PyTorch also has its own multi-process torch.multiprocessing
How to share a list of tensors in PyTorch multiprocessing? rozyang's answer is very simple, the core code is as follows:
import torch.multiprocessing as mp
tensor.share_memory_()
The text is over, I put part of the multiprocessing code on github . I hope everyone can write a multithreading that satisfies them. When I design high-performance multi-processing, I will abide by the following rules:
- Pass as little data as possible
- Minimize the load on the main thread
- Try not to let a process wait stupidly
- Minimize the frequency of inter-process communication
The open source Deep Reinforcement Learning (DRL) algorithm Kuberkley 's Ray-project Rllib is fast to train, but too complicated, and OpenAI's SpinningUp is simple, but not fast. I just know a little bit more process, Numpy, deep learning framework, deep reinforcement learning and other two-layer optimization algorithms, so I think it is not difficult to write a DRL library, so I open source the reinforcement learning library: Xiaoya ElegantRL . Let others take a good look at it. The DRL library is quite simple. Why make something so complicated?
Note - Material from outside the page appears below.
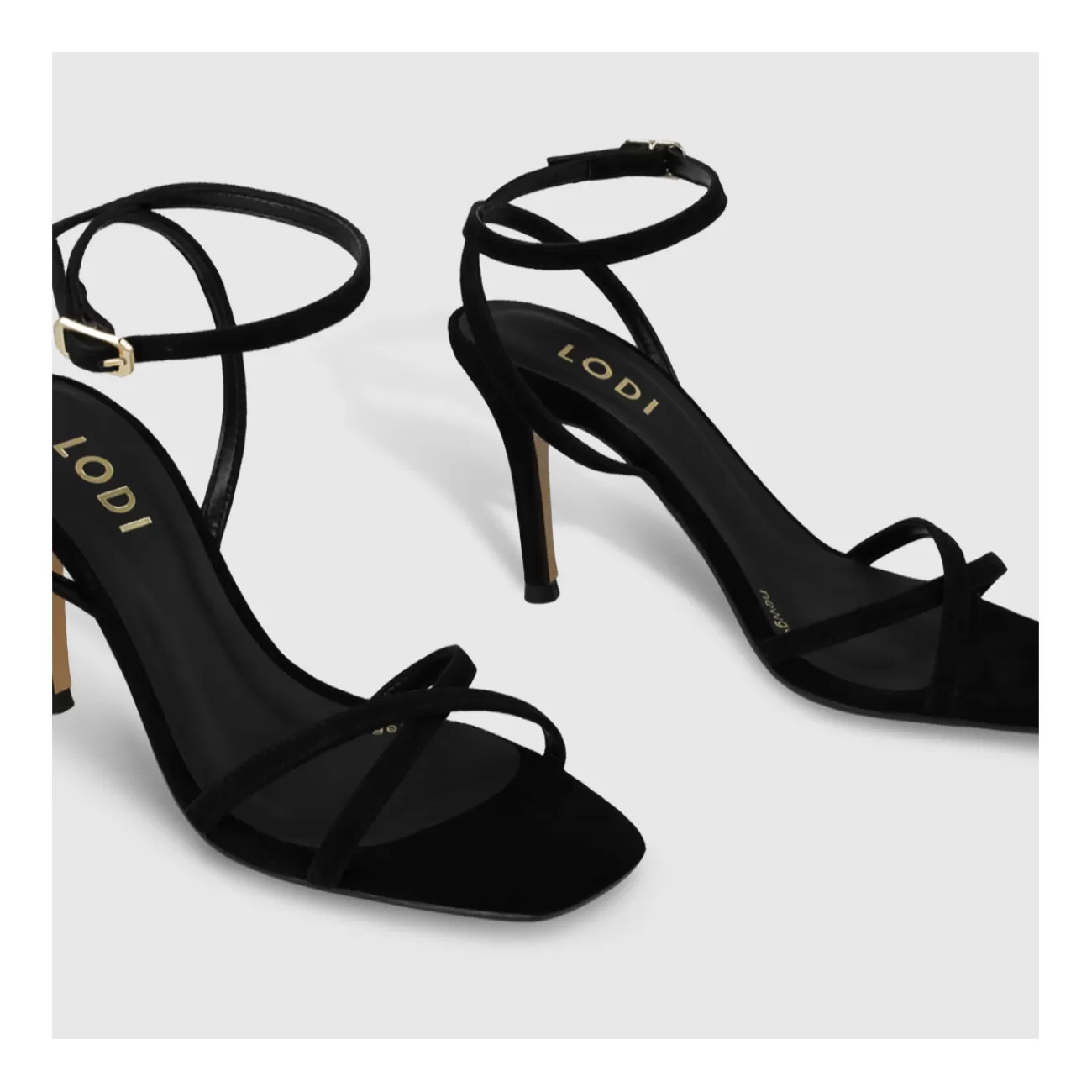 Sandalias de mujer SIBAR de LODI en ante. Estiloso diseño con finas tiras cruzadas en la zona delantera. Confeccionado con tacón fino de 8.5 cm de altura. Cierre en lateral mediante hebilla metálica con pulsera al tobillo. Punta cuadrada. Interior forrado en piel. Incluye planta new gel para mayor comodidad en todas tus pisadas. Fabricado en España.

Although this library will always keep the framework small and the code elegant to facilitate people who get started with deep reinforcement learning, ElegantRL puts training efficiency first (because of this, ElegantRL and SpinningUp have different positioning), so I need to use Python's multi-process To speed up the training of DRL. So by the way, I wrote [Elegantly use multi-process in Python] this article.